EXERCISE PROMPT
Look below for the line containing "小松特別支援学校のお友達と体"; from there, print each line exactly up to and including the line containing "9 August 2024;", and stop.

DATA SUPPLIED
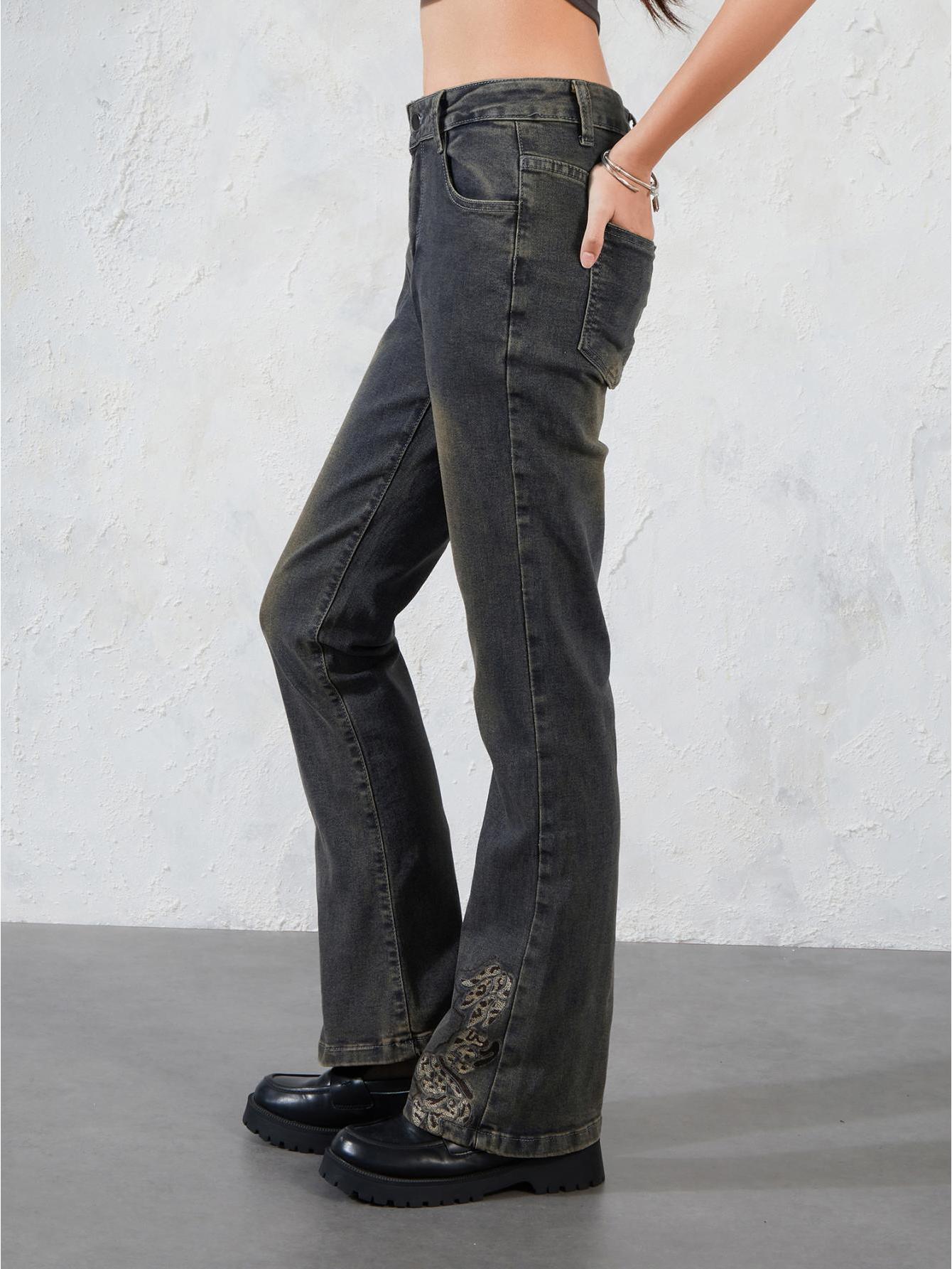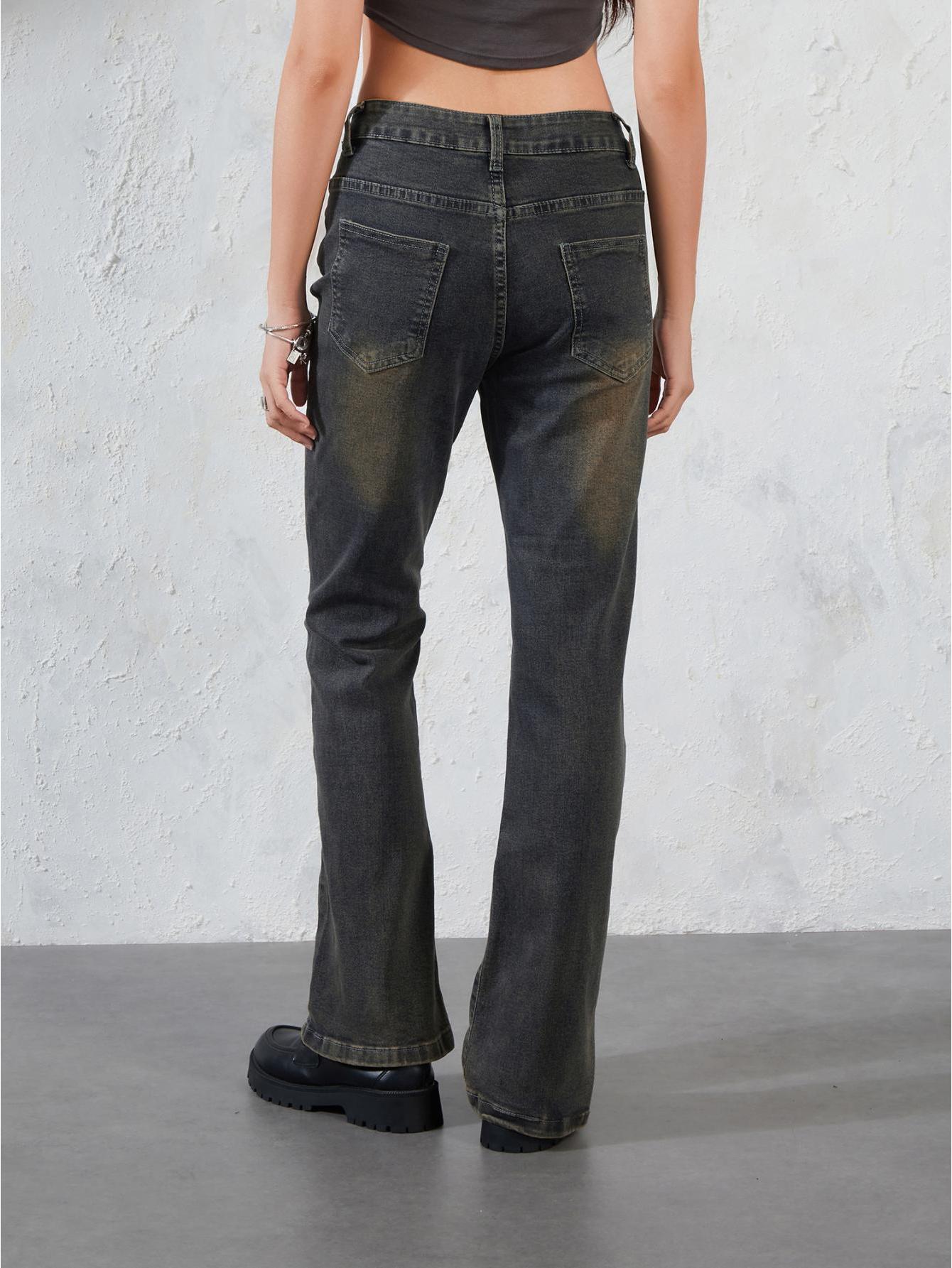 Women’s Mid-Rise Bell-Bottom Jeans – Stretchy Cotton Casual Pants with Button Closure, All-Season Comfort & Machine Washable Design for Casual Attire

==

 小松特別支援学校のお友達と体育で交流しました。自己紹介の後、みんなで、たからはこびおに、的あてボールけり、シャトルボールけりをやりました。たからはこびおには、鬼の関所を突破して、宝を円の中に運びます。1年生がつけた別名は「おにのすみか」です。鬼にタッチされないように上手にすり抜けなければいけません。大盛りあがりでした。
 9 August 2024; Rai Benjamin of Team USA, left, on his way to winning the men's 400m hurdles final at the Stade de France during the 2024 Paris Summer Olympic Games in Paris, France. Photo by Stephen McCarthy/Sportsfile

TASK ANSWER
 小松特別支援学校のお友達と体育で交流しました。自己紹介の後、みんなで、たからはこびおに、的あてボールけり、シャトルボールけりをやりました。たからはこびおには、鬼の関所を突破して、宝を円の中に運びます。1年生がつけた別名は「おにのすみか」です。鬼にタッチされないように上手にすり抜けなければいけません。大盛りあがりでした。
 9 August 2024; Rai Benjamin of Team USA, left, on his way to winning the men's 400m hurdles final at the Stade de France during the 2024 Paris Summer Olympic Games in Paris, France. Photo by Stephen McCarthy/Sportsfile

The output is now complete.